**Task prompt:** The whole listing, please: repeat it exactly, with the pictures left out.

**Raw data:**
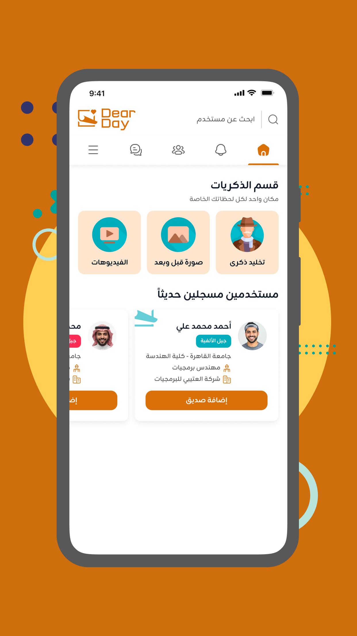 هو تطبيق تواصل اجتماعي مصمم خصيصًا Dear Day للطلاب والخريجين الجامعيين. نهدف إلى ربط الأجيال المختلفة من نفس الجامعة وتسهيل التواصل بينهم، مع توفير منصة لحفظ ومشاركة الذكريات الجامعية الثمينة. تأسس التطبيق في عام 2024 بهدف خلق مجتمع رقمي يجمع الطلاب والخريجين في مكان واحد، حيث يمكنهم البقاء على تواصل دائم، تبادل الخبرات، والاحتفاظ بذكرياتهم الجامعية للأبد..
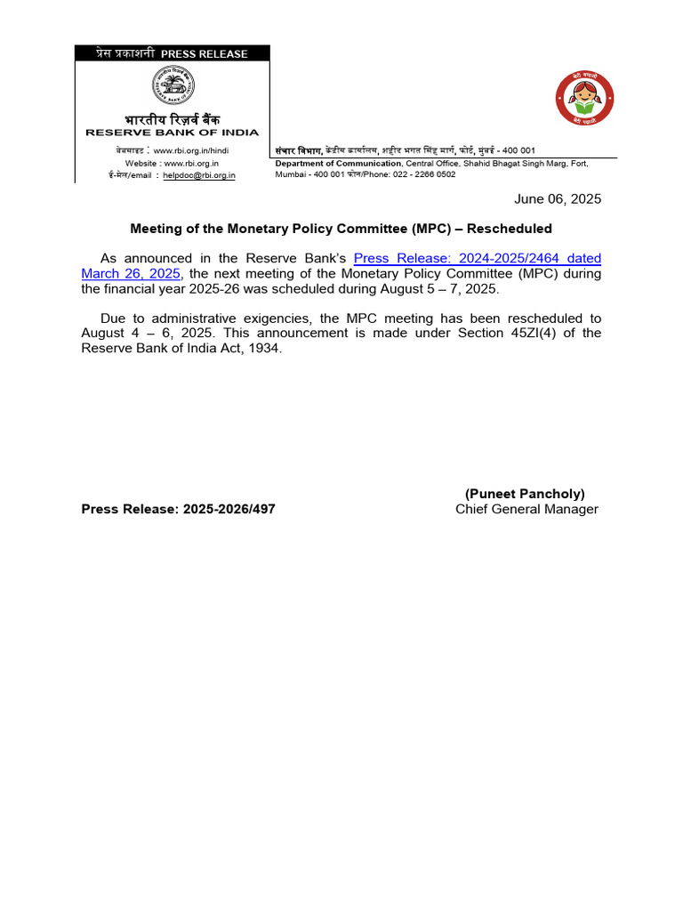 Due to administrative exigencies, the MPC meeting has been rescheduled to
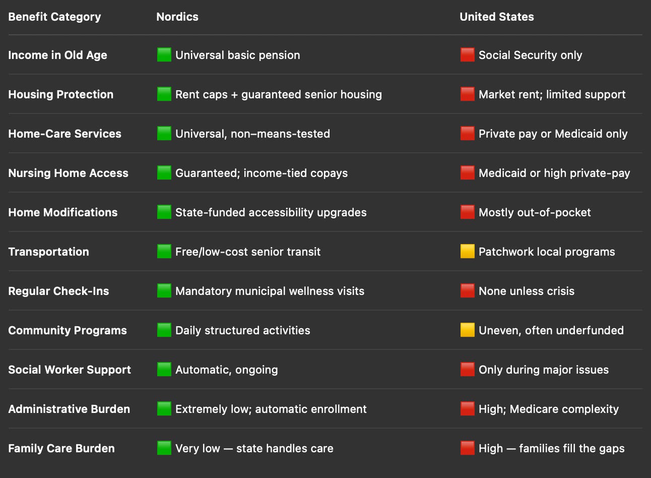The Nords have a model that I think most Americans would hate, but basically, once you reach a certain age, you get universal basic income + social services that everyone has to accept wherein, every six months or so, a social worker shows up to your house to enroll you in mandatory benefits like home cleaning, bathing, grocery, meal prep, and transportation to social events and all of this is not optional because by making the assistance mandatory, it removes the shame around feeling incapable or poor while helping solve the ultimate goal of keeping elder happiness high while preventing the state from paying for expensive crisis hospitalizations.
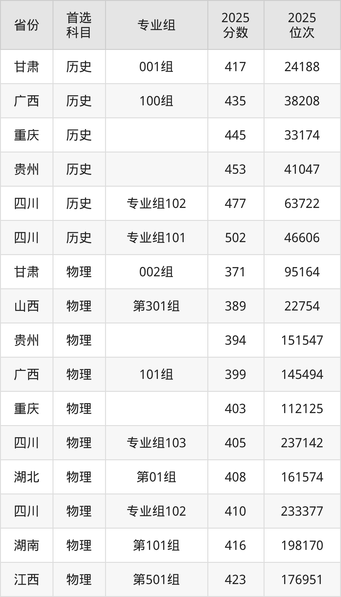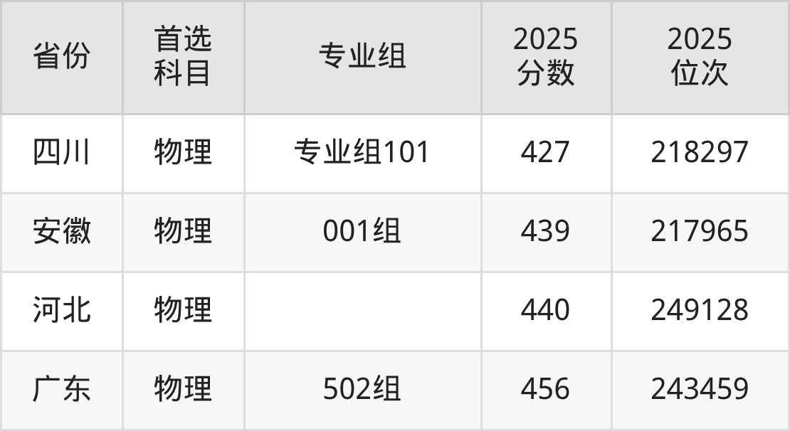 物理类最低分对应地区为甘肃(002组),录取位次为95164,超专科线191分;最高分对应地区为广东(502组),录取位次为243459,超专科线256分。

**Answer box:**
 هو تطبيق تواصل اجتماعي مصمم خصيصًا Dear Day للطلاب والخريجين الجامعيين. نهدف إلى ربط الأجيال المختلفة من نفس الجامعة وتسهيل التواصل بينهم، مع توفير منصة لحفظ ومشاركة الذكريات الجامعية الثمينة. تأسس التطبيق في عام 2024 بهدف خلق مجتمع رقمي يجمع الطلاب والخريجين في مكان واحد، حيث يمكنهم البقاء على تواصل دائم، تبادل الخبرات، والاحتفاظ بذكرياتهم الجامعية للأبد..
 Due to administrative exigencies, the MPC meeting has been rescheduled to
The Nords have a model that I think most Americans would hate, but basically, once you reach a certain age, you get universal basic income + social services that everyone has to accept wherein, every six months or so, a social worker shows up to your house to enroll you in mandatory benefits like home cleaning, bathing, grocery, meal prep, and transportation to social events and all of this is not optional because by making the assistance mandatory, it removes the shame around feeling incapable or poor while helping solve the ultimate goal of keeping elder happiness high while preventing the state from paying for expensive crisis hospitalizations.
 物理类最低分对应地区为甘肃(002组),录取位次为95164,超专科线191分;最高分对应地区为广东(502组),录取位次为243459,超专科线256分。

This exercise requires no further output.